La premessa a questo tipo di modello è che i prodotti culturali sono caratterizzati da due valori: quello culturale e quello economico. Il valore che essi producono è la vera caratteristica innovativa. I prodotti culturali non hanno tutti lo stesso contenuto culturale rispetto al loro valore commerciale: il modello suggerisce che più il content culturale è presente, più sarà da considerarsi caratteristico e appartenente strettamente al campo delle cultural industries. Nel modello quindi lo troveremo posizionato più vicino al nucleo centrale. Quindi al centro troveremo tutti quei cultural content che in proporzione con il loro valore commerciale, sono considerati come il più alto livello e quelli da considerarsi strettamente dei veri prodotti culturali. Man mano che ci si allontana dal nucleo centrale, il contenuto culturale va sempre più sfumando affermandosi fermamente il valore commerciale del prodotto. Il modello si sviluppa in tale maniera: al centro troviamo le categorie della letteratura, musica, arti performative e arti visive. Un cerchio oltre al nucleo centrale troviamo il secondo cerchio che comprende i film, i musei/gallerie/ librerie e la fotografia.

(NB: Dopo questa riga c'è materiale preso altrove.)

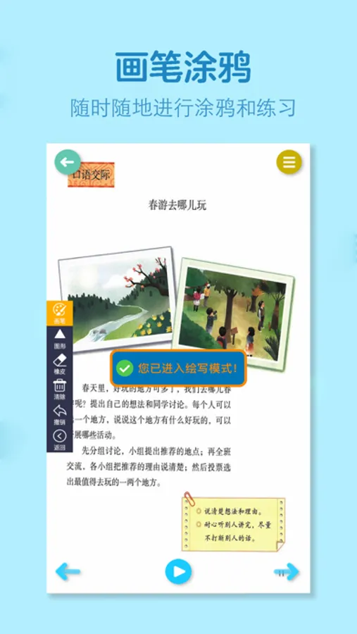 【2】画笔功能,全屏涂鸦让学习更加的有趣让学习更加高效率。完全同步最新发行教材,绝无缺漏页现象。
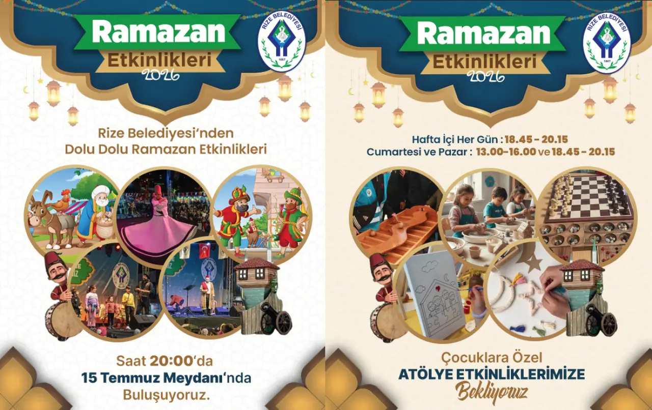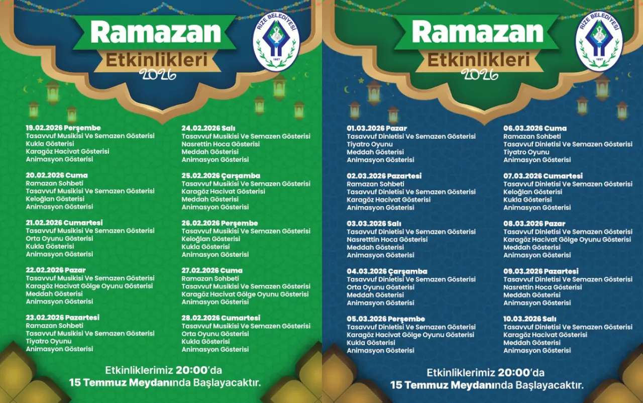 Rize Belediyesi, 2026 Ramazan ayı kapsamında 15 Temmuz Demokrasi ve Cumhuriyet Meydanı’nda dev etkinlik çadırı kurdu. 19 Şubat – 10 Mart tarihleri arasında düzenlenecek Ramazan etkinliklerinde tasavvuf musikisi, geleneksel gösteriler, Ramazan sohbetleri ve çocuk atölyeleri yer alacak.

Nel terzo cerchio troviamo

quelle attività che si staccano notevolmente con le attività del nucleo centrale e sono i media pubblicitari e di stampa, radio e televisione e infine video e videogiochi. All’ultimo cerchio, il più lontano dal nucleo e dalle sue attività, sono l’architettura, il design, il fashion e l’advertising. Nonostante, si tratti di cerchi di azione ben distinti, lo scambio di conoscenze e informazioni è comunque presente, dato dal fatto che chi crea idee, lavora su diversi settori disciplinari.